= Roger Thurow =

American writer

Roger Thurow is an American author and a journalist. He is a former foreign correspondent for the Wall Street Journal. As of 2010, Thurow is a senior fellow for global agriculture and food policy for the Chicago Council on Global Affairs. He is noted for his writing about the politics of world hunger.

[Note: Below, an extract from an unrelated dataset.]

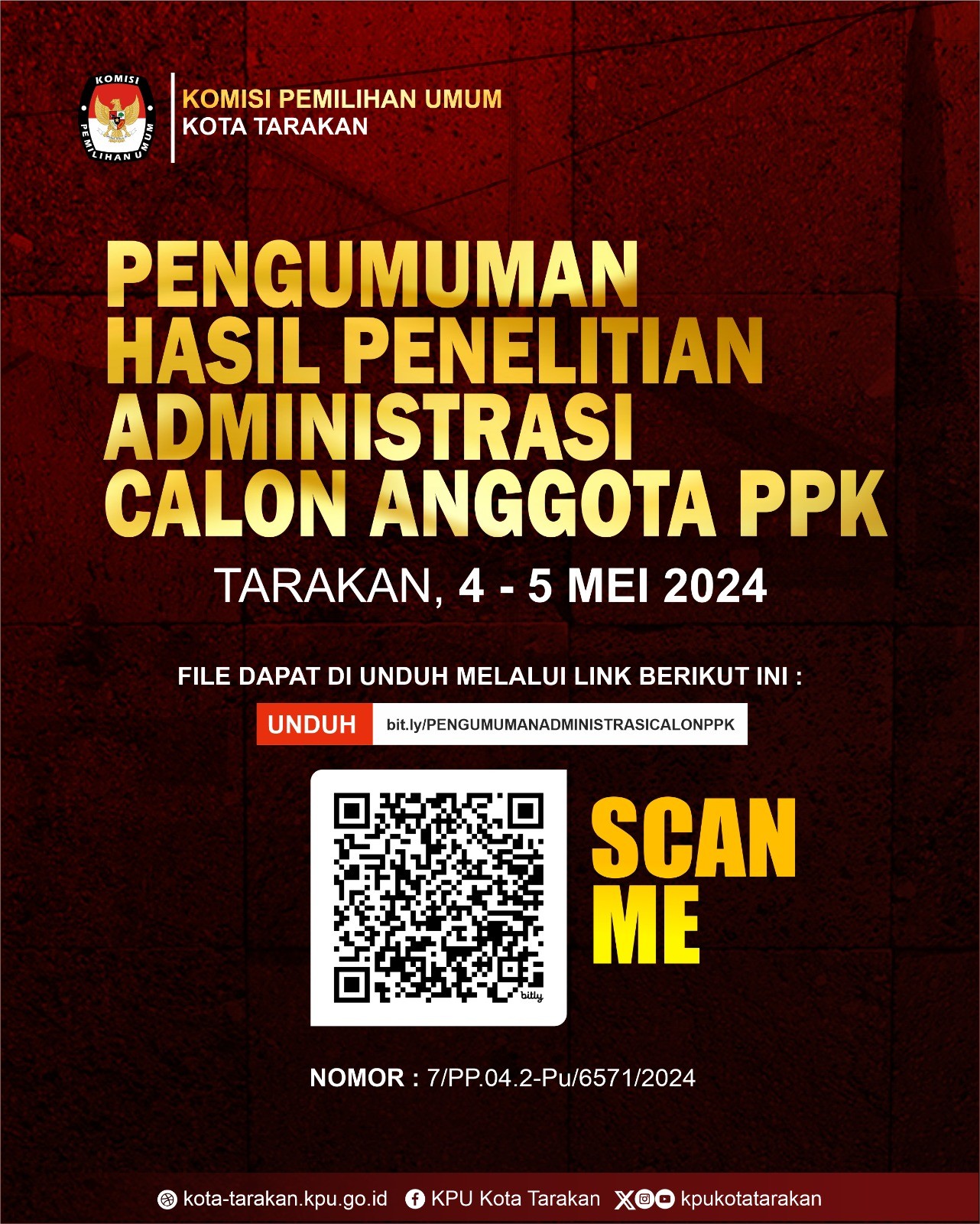 Berikut disampaikan Pengumuman Nomor 7/PP.04.2-Pu/6571/2024 tentang Hasil Penelitian Administrasi Calon Anggota Panitia Pemilihan Kecamatan (PPK) untuk Pemilihan Gubernur dan Wakil Gubernur, Bupati dan Wakil Bupati dan Wali Kota dan Wakil Wali Kota pada Kota Tarakan Tahun 2024.

==Early life and education==
Thurow grew up in Crystal Lake, Illinois and graduated from the University of Iowa in 1979.

==Career==
For thirty years Thurow worked as a reporter for the Wall Street Journal, and for twenty of those years he was based abroad in Europe and Africa. After writing a series on famine in Africa, Thurow and Scott Kilman, fellow Wall Street Journal colleague, were finalists for the 2004 Pulitzer Prize in International Reporting. In 2009 Thurow and Kilman authored the book Enough: Why the World's Poorest Starve in an Age of Plenty. They received Action Against Hunger's Humanitarian Award for this book in 2009.
Thurow's second book, The Last Hunger Season: A Year in an African Farm Community on the Brink of Change, was published in the spring of 2012.

Thurow also lectures on various topics about the world economy, and writes for the Huffington Post.

Thurow currently resides in a suburb of Chicago, Illinois with his wife and two children.